### Task inputs

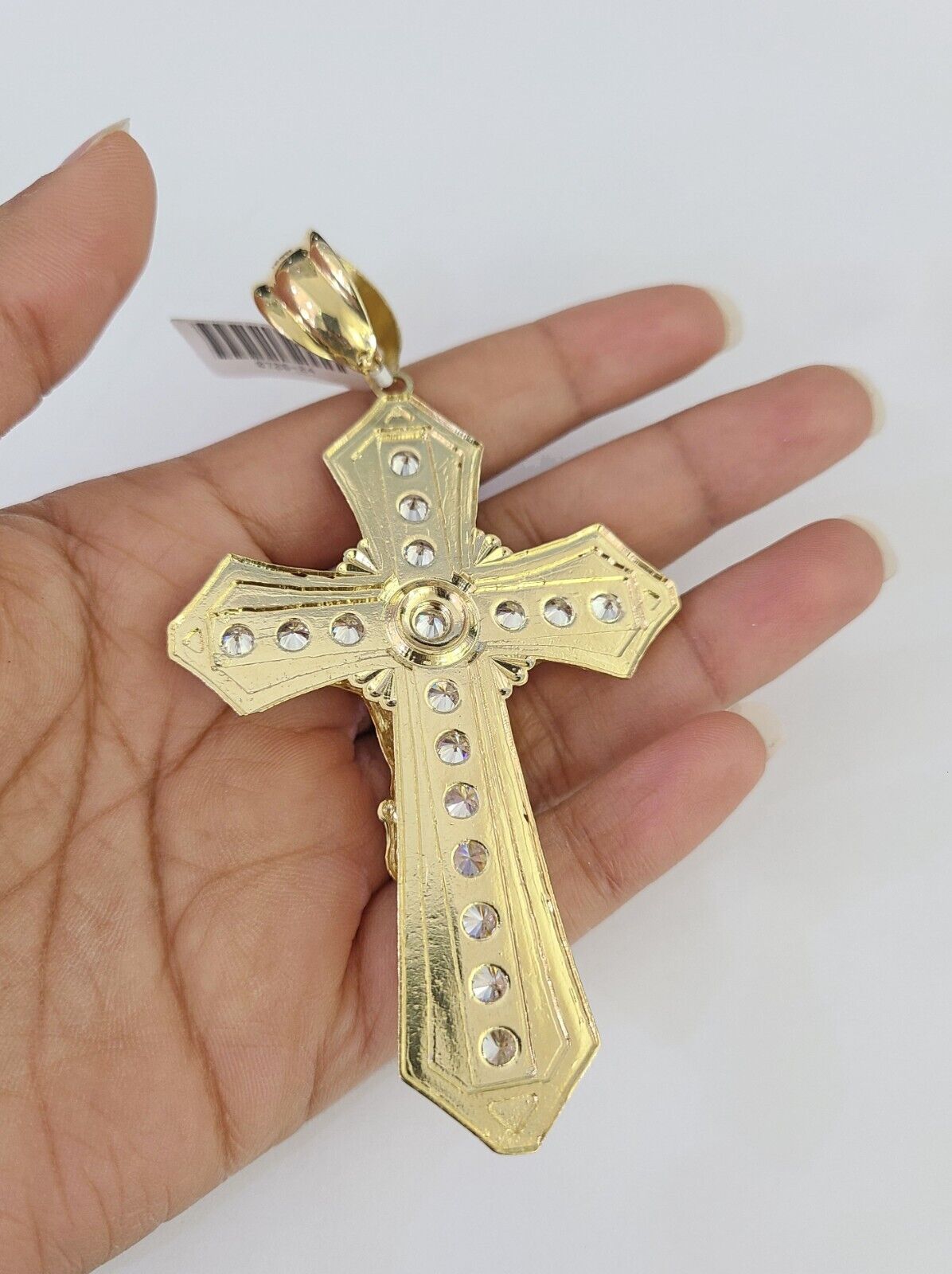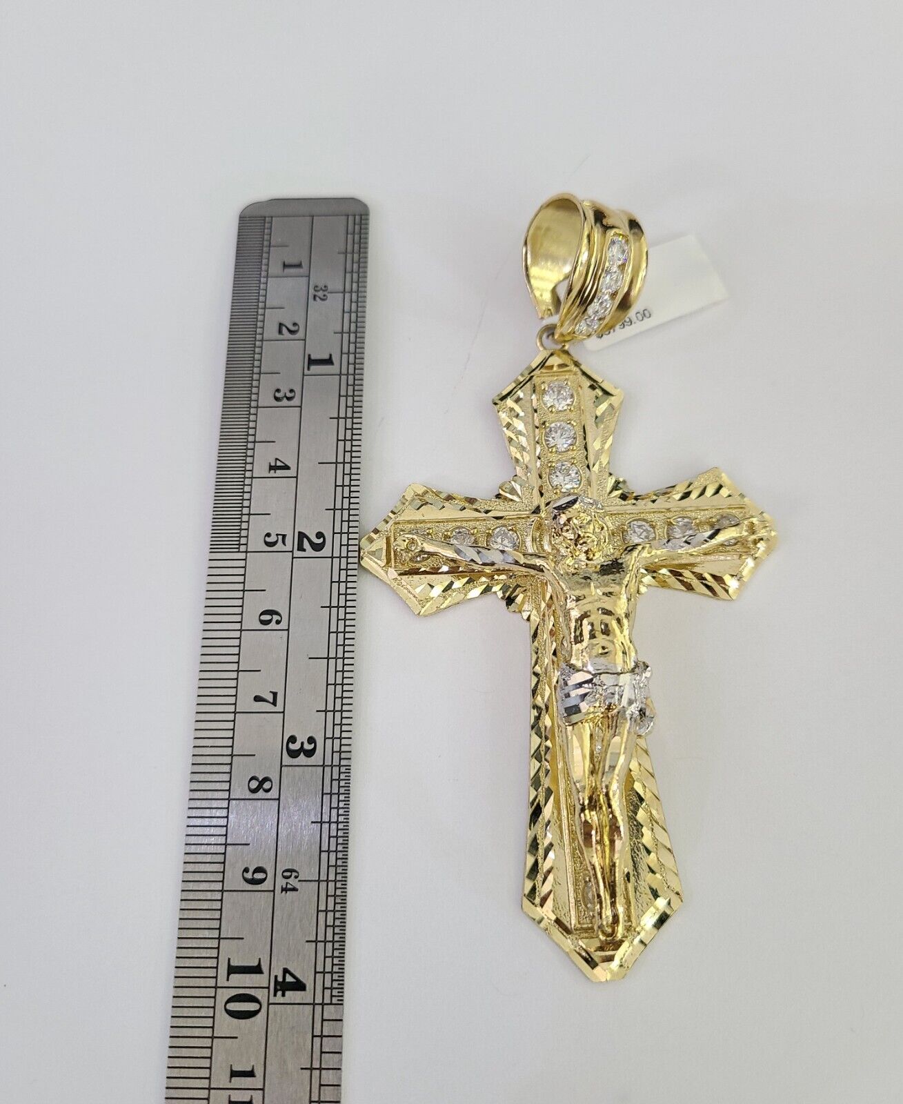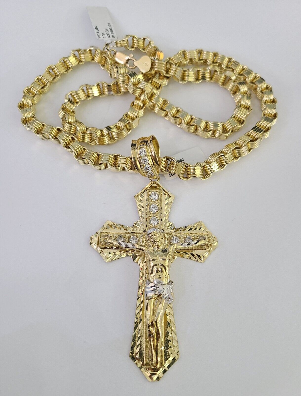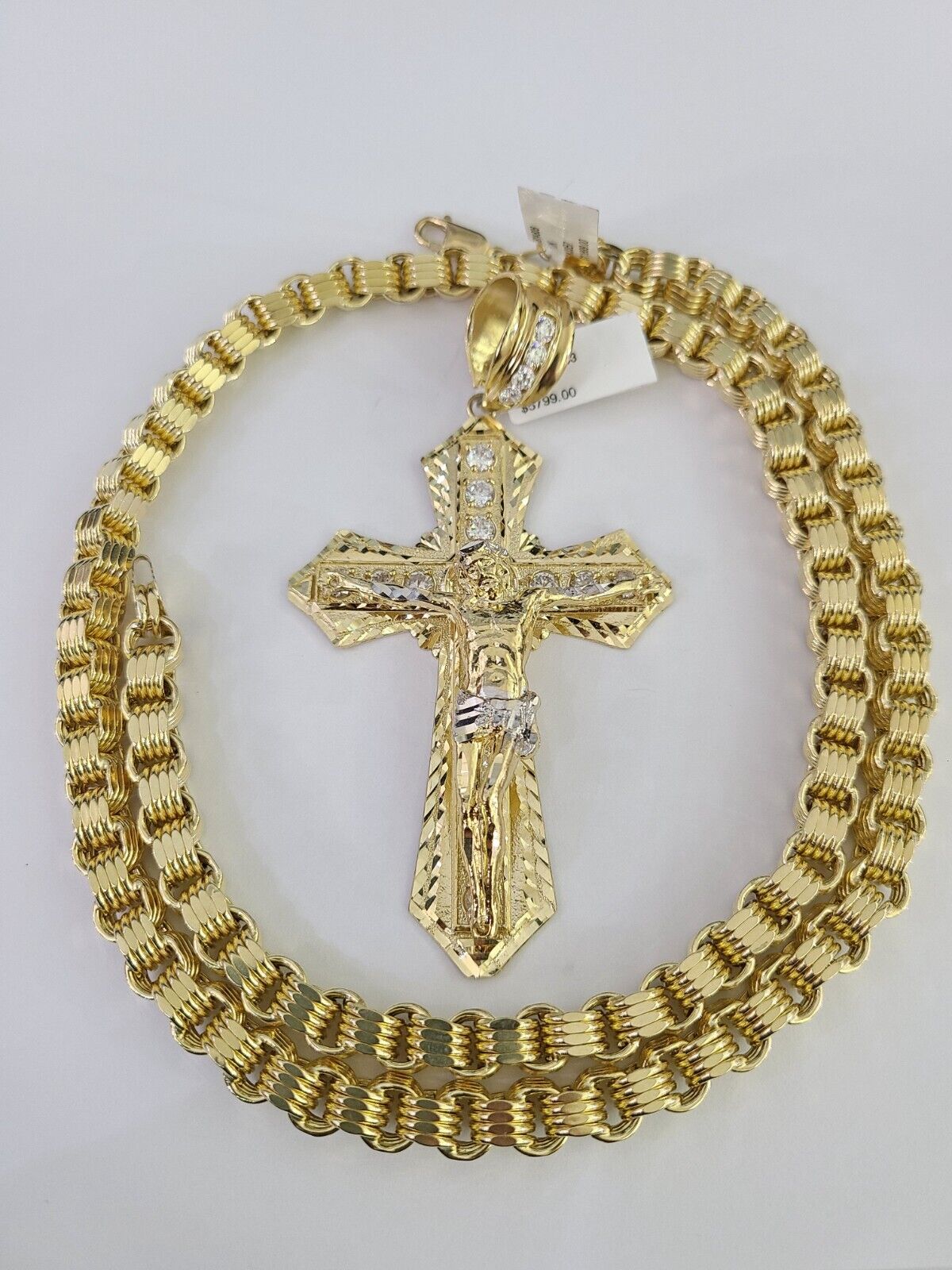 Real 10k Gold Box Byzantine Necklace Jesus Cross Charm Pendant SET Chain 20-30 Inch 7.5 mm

* * *

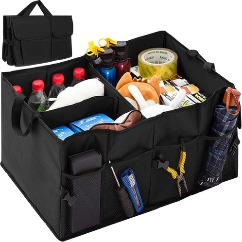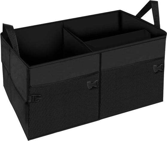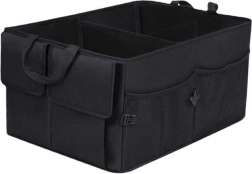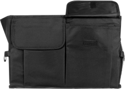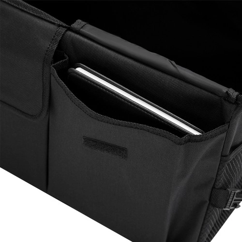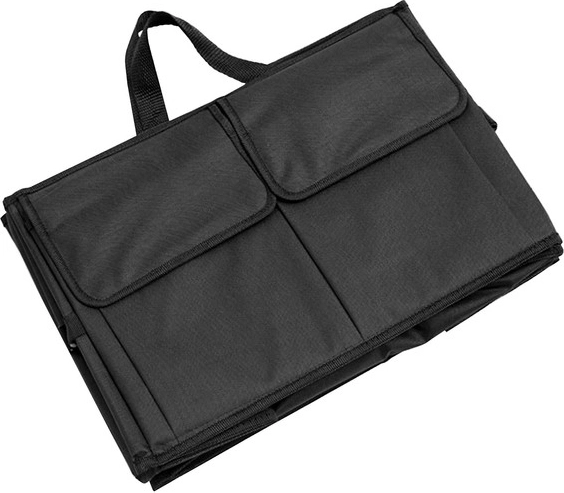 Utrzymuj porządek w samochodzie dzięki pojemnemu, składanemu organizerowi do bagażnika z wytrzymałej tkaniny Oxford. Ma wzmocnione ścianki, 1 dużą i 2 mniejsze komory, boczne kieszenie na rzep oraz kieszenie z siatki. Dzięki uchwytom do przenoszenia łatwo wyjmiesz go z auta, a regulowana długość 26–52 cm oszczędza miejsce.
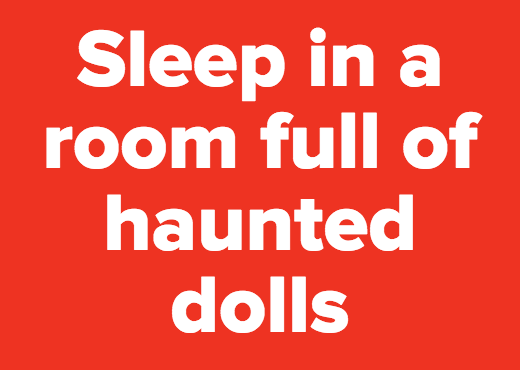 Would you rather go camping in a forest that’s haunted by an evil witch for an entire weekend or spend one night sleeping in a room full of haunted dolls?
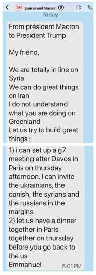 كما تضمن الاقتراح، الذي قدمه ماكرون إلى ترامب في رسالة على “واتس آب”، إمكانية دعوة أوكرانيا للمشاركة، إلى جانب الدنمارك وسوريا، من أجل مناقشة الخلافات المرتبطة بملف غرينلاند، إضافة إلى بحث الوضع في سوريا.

--

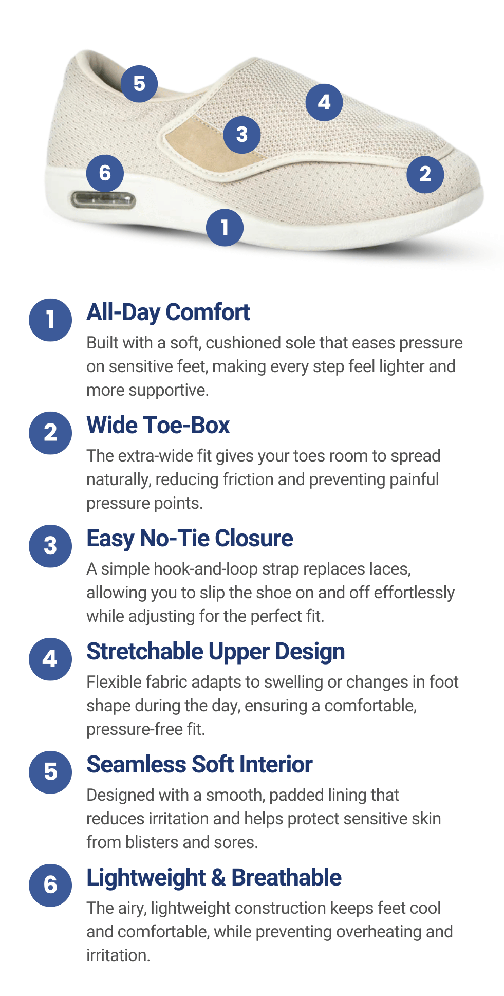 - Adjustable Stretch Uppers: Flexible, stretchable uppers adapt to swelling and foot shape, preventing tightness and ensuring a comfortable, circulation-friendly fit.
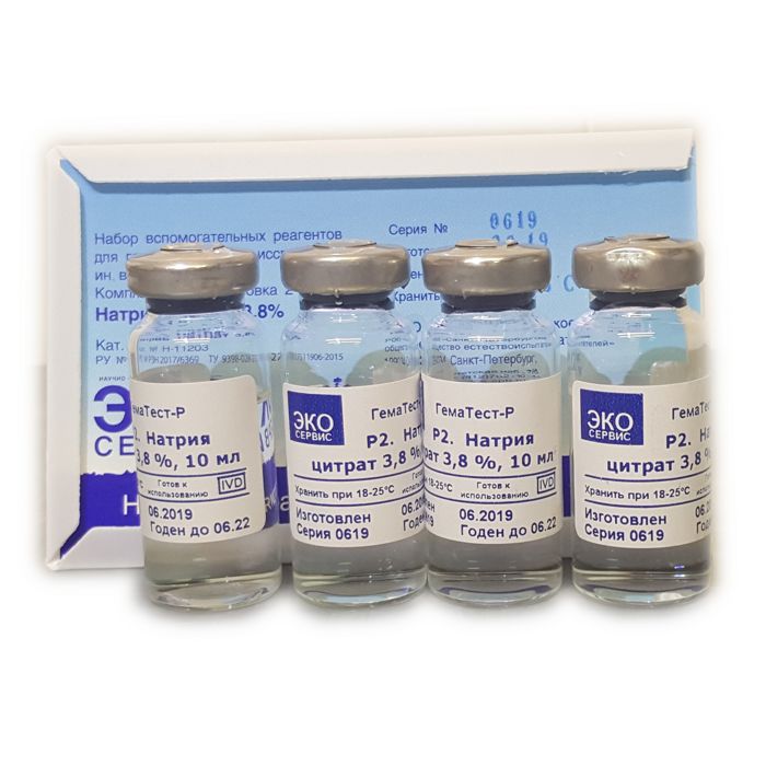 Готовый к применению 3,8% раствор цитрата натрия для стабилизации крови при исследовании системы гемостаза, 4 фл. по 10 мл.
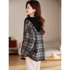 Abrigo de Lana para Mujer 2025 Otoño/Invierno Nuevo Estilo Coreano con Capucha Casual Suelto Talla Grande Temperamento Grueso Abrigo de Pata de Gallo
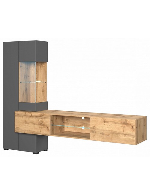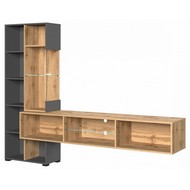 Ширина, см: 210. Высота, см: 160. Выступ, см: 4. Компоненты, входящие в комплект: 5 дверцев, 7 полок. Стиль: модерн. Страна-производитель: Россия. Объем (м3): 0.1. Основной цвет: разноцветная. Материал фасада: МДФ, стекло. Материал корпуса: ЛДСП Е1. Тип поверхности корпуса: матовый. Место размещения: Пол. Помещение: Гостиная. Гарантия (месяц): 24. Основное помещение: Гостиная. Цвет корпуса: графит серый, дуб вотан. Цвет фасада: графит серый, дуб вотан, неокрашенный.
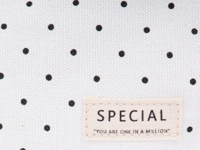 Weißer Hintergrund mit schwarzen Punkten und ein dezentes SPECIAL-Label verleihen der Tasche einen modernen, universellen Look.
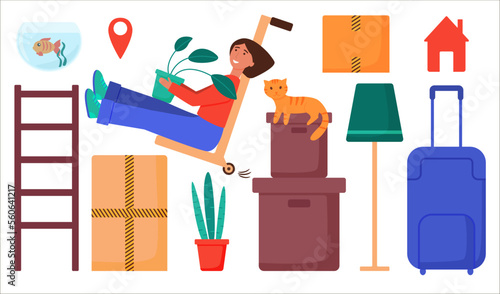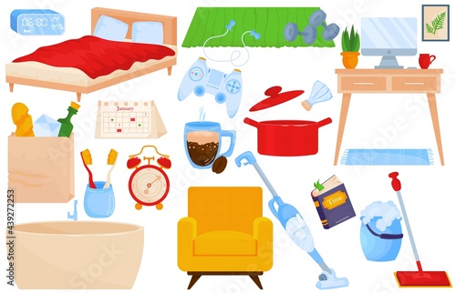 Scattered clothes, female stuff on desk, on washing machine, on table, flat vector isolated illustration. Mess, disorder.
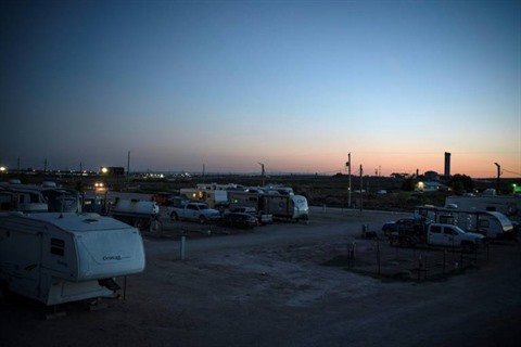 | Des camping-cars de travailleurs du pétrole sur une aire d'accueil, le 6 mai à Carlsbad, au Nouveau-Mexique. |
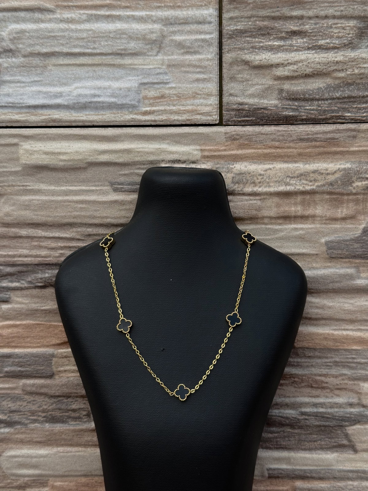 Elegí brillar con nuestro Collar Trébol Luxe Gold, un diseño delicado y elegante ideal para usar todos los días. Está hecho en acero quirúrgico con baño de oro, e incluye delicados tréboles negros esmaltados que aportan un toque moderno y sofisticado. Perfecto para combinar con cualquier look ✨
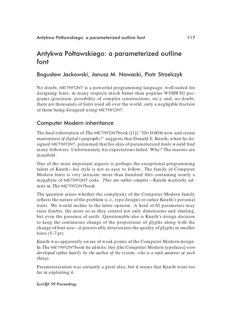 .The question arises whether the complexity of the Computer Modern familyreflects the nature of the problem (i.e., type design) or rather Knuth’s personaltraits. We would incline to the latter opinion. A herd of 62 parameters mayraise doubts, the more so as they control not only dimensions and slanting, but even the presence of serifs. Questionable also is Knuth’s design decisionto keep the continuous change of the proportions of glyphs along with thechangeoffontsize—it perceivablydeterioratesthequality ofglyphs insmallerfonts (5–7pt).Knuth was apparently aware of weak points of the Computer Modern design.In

### Problem to work on
Exact copy, pictures excluded: from the line with "au Nouveau-Mexique. |" up to and including the line with "Elegí brillar con" in the data above.

### Written solution
 | Des camping-cars de travailleurs du pétrole sur une aire d'accueil, le 6 mai à Carlsbad, au Nouveau-Mexique. |
 Elegí brillar con nuestro Collar Trébol Luxe Gold, un diseño delicado y elegante ideal para usar todos los días. Está hecho en acero quirúrgico con baño de oro, e incluye delicados tréboles negros esmaltados que aportan un toque moderno y sofisticado. Perfecto para combinar con cualquier look ✨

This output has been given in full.